The election, he meant.
“However,” he went on sternly, “you are to call the Olancha deputy and advise him when you’re ready to be picked up at the hospital here. He’ll transport you to Independence, where you may spend the night in the Winnedumah Hotel at public expense, refreshing yourself so you and I can talk in the morning about your future. While you haven’t exactly redeemed yourself, Long Shore, you haven’t dug your pit any deeper these past days.” With that, Gorman depressed the gas pedal and crept off into the evening shadows.

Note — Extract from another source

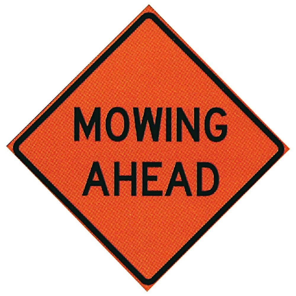 - Mowing Ahead” 36in Diamond Shape High Visibility Mowing Safety Sign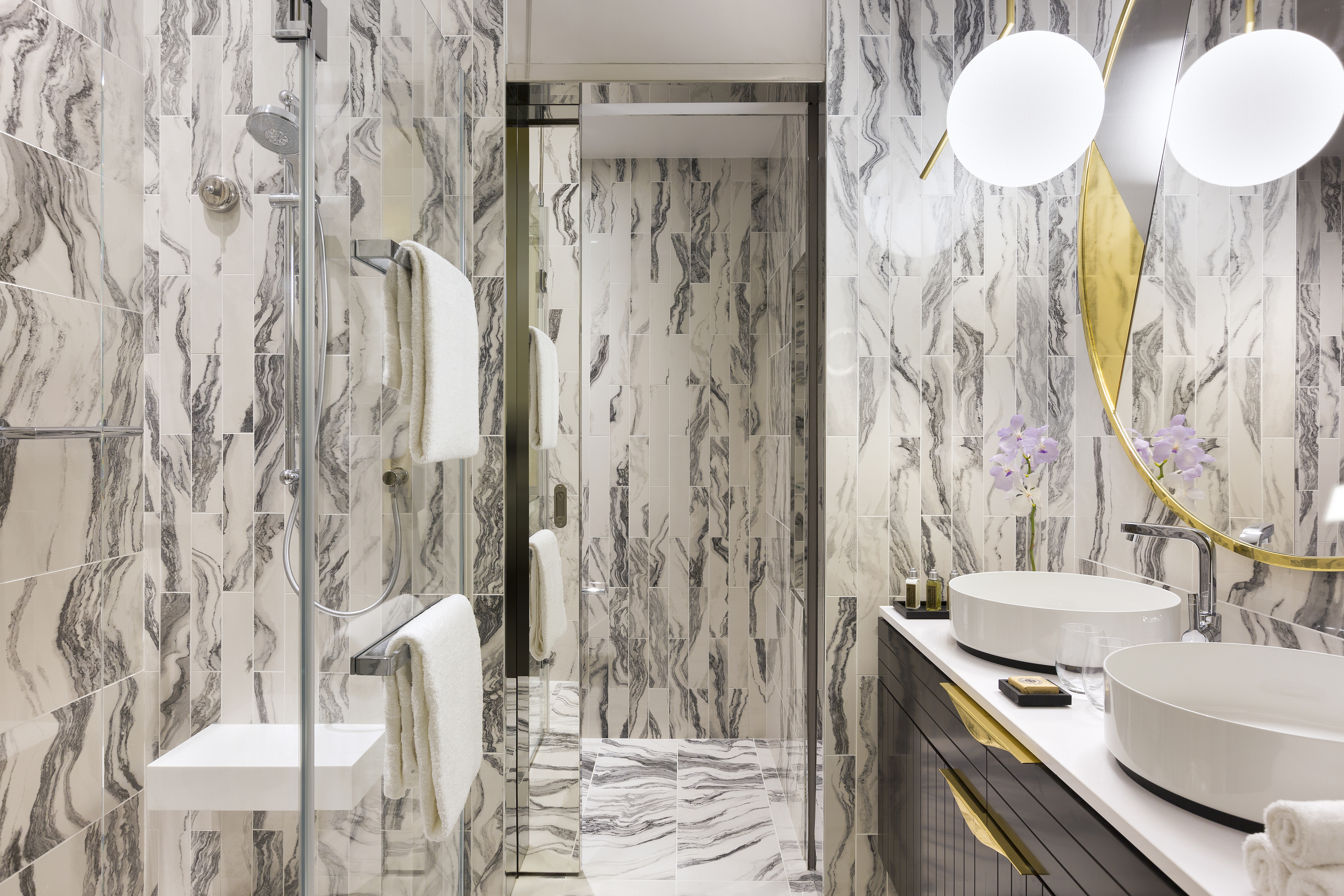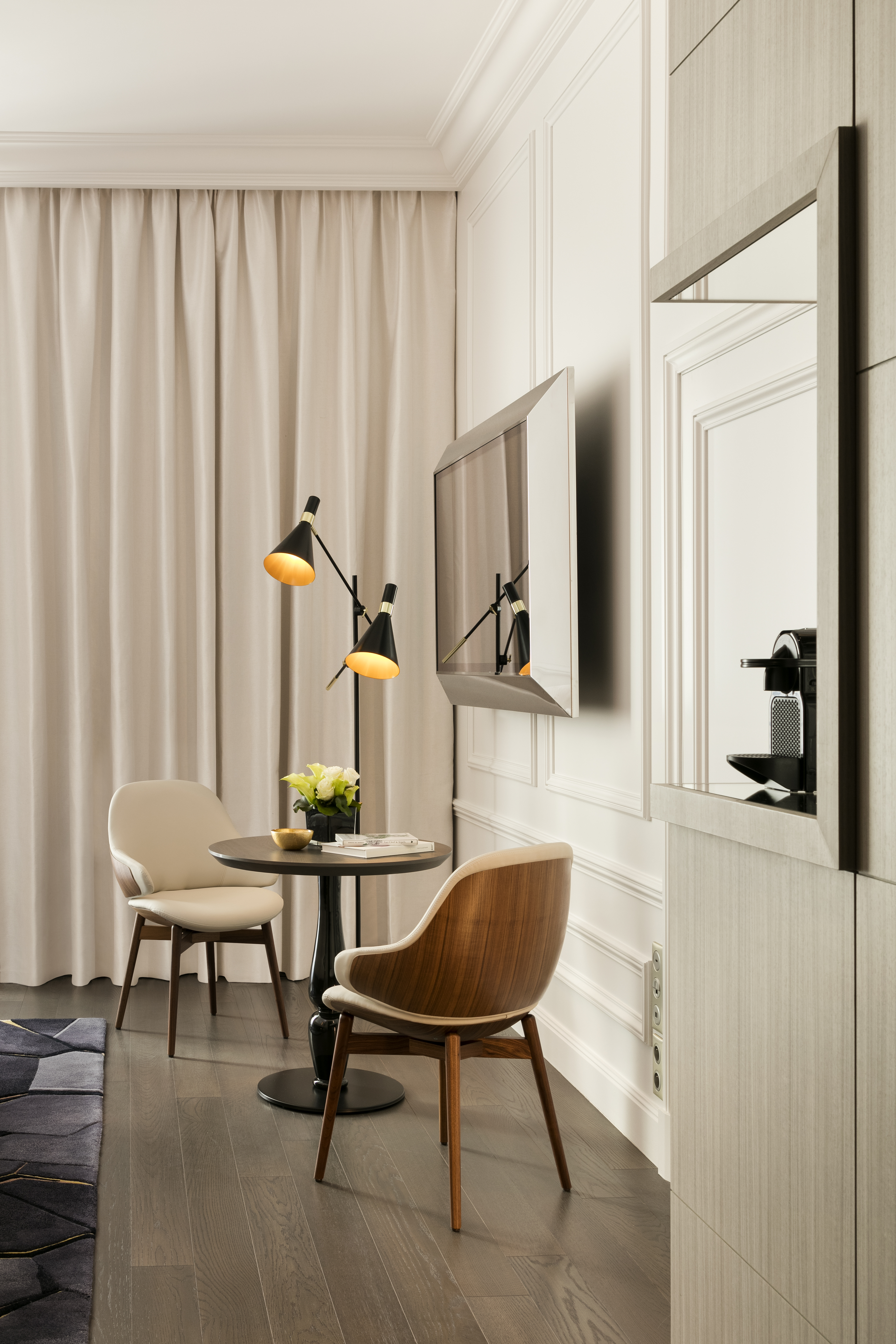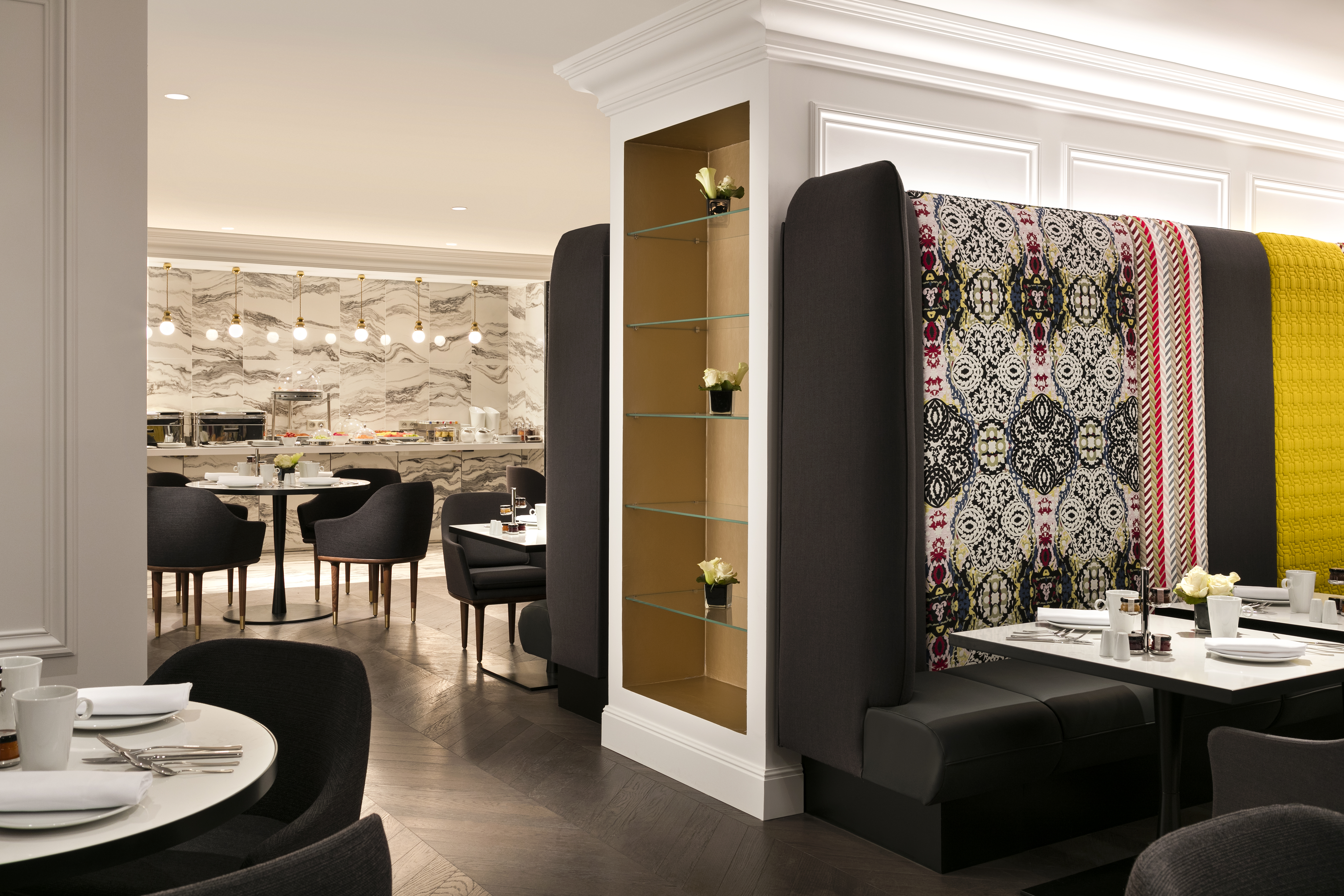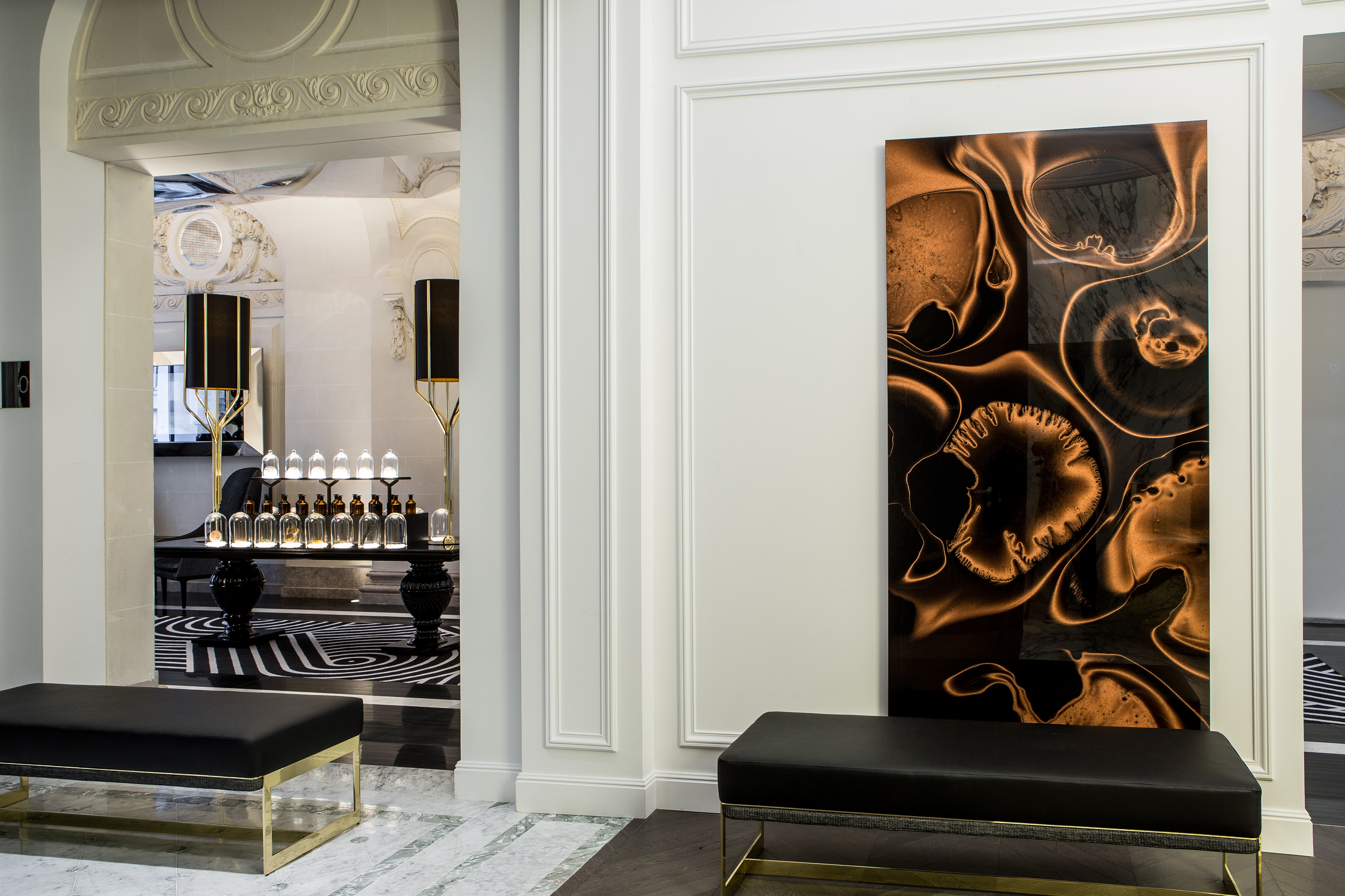 Tout au long de ce projet, Jean-Philippe Nuel a mis un point d’honneur à mettre en valeur le patrimoine architectural de cet immeuble. Pour être en phase avec les codes actuels, et offrir un juste équilibre entre contemporain et traditionnel, le Studio a accordé une attention toute particulière aux détails. « Sublimer les éléments historiques dans les parties communes et renouveler les codes de l’hôtellerie pour offrir une expérience de séjour unique dans les espaces de nuit, tel fût notre crédo sur ce projet » raconte Jean-Philippe Nuel.

But, standing there, Michael knew that the sheriff was wrong.
It wasn’t over.
Higgins pulled alongside in his sedan, and Michael got in. “How much time does Tiffany have on us?”
“At least an hour,” the agent replied, “but I never saw him at the substation. Which way?”
“Just across the boulevard.” As they sped toward the hospital, Michael lifted his pant leg and then a corner of the bandage to inspect his wound by the dashboard lights. He was not encouraged by the sight, but the problem now was time. He didn’t have enough of it to convince Tiffany’s fellow deputies that it had been an execution, not a justifiable shooting, and Higgins and he would have to handle the takedown on their own. That mean they couldn’t cast a wide net for the sniper. Instead, they would have to gamble on Tiffany’s next move.
Michael’s best guess was that the man would use the coming hours to tidy up some loose ends, dispose of that which had not been permanently disposed, and otherwise batten down the hatches against the legal assault that was coming his way. His fellow cops would defend him only to a point. Their covering for him thus far was tribal, but that loyalty would fray as they learned what Tiffany had done for Joanna Wallace over the past several months.